EXERCISE REQUIREMENTS:
The lines below, from the first through the one containing "Цельная шкала циферблата", are to be given again exactly, with pictures left out and nothing added.

**** RAW DATA

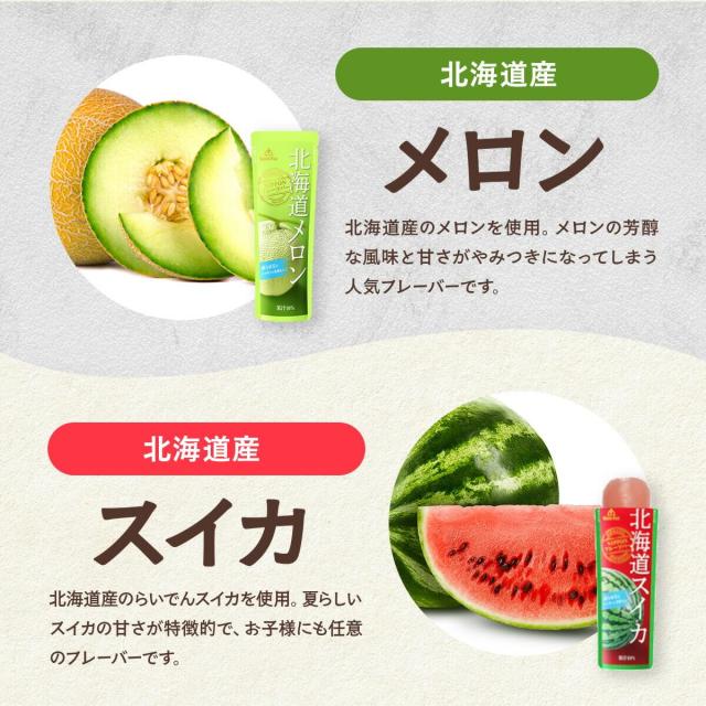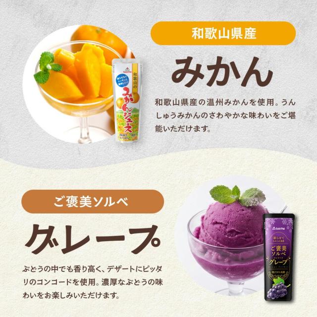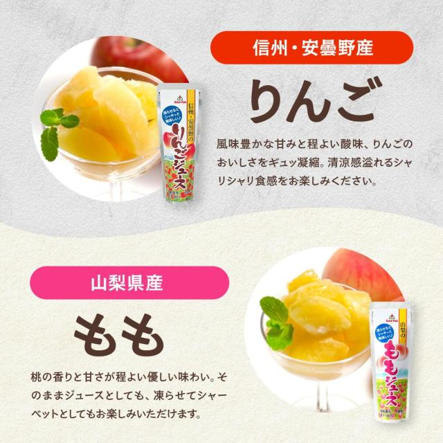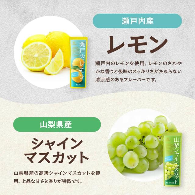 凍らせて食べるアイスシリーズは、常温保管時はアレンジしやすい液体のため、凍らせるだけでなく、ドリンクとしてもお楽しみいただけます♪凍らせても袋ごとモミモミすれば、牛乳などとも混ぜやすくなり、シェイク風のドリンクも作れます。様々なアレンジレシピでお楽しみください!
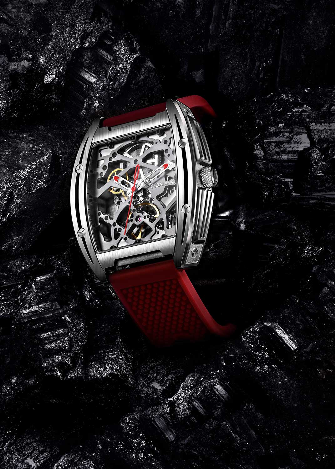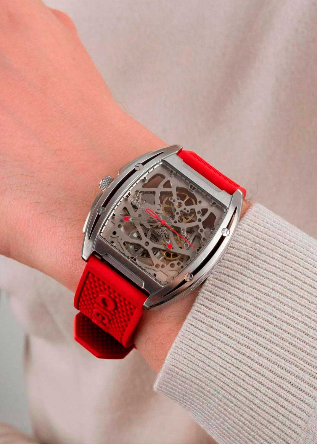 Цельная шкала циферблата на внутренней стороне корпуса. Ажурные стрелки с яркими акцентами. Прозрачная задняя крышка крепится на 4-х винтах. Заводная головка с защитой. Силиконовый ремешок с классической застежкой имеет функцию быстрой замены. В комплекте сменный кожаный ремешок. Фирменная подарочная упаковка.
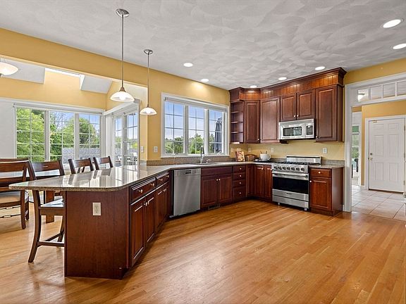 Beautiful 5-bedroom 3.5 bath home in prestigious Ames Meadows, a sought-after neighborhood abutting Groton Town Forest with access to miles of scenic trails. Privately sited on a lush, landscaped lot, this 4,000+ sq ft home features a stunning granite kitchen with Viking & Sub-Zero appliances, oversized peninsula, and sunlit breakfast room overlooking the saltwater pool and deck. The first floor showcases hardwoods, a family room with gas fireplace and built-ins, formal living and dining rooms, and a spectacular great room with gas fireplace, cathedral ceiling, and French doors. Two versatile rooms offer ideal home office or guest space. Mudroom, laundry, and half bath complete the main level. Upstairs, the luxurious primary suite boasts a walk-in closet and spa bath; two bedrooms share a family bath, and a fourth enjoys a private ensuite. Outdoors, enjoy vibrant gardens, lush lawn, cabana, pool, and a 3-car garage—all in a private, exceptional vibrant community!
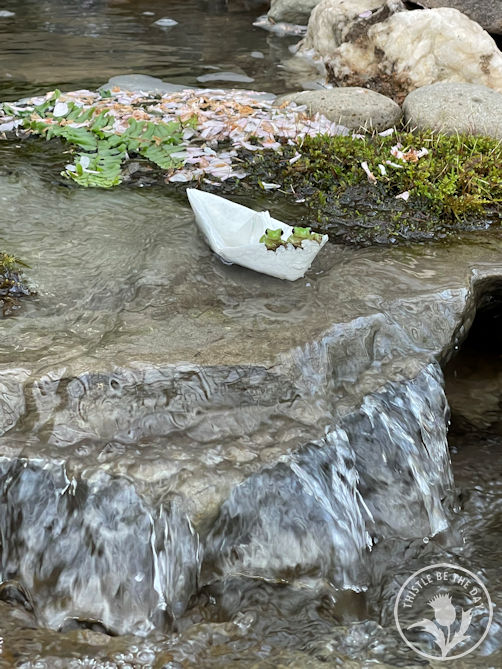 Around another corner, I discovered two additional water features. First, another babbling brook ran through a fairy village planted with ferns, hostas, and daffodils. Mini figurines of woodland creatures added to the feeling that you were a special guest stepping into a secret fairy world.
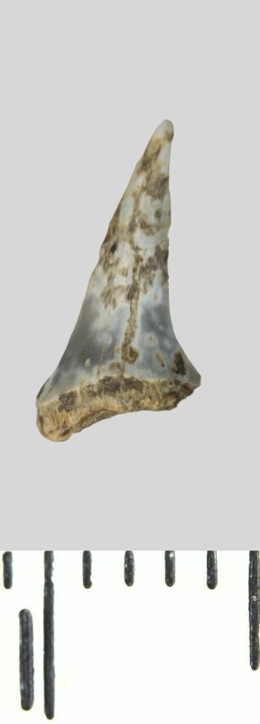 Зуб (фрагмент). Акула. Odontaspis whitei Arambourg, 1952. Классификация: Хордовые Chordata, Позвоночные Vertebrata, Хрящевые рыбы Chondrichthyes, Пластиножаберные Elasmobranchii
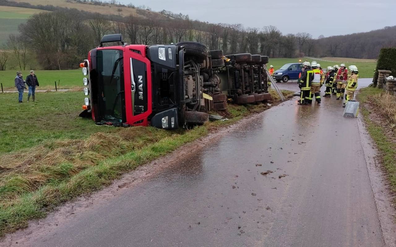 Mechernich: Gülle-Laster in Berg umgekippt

********

COMPLETED EXERCISE:
 凍らせて食べるアイスシリーズは、常温保管時はアレンジしやすい液体のため、凍らせるだけでなく、ドリンクとしてもお楽しみいただけます♪凍らせても袋ごとモミモミすれば、牛乳などとも混ぜやすくなり、シェイク風のドリンクも作れます。様々なアレンジレシピでお楽しみください!
 Цельная шкала циферблата на внутренней стороне корпуса. Ажурные стрелки с яркими акцентами. Прозрачная задняя крышка крепится на 4-х винтах. Заводная головка с защитой. Силиконовый ремешок с классической застежкой имеет функцию быстрой замены. В комплекте сменный кожаный ремешок. Фирменная подарочная упаковка.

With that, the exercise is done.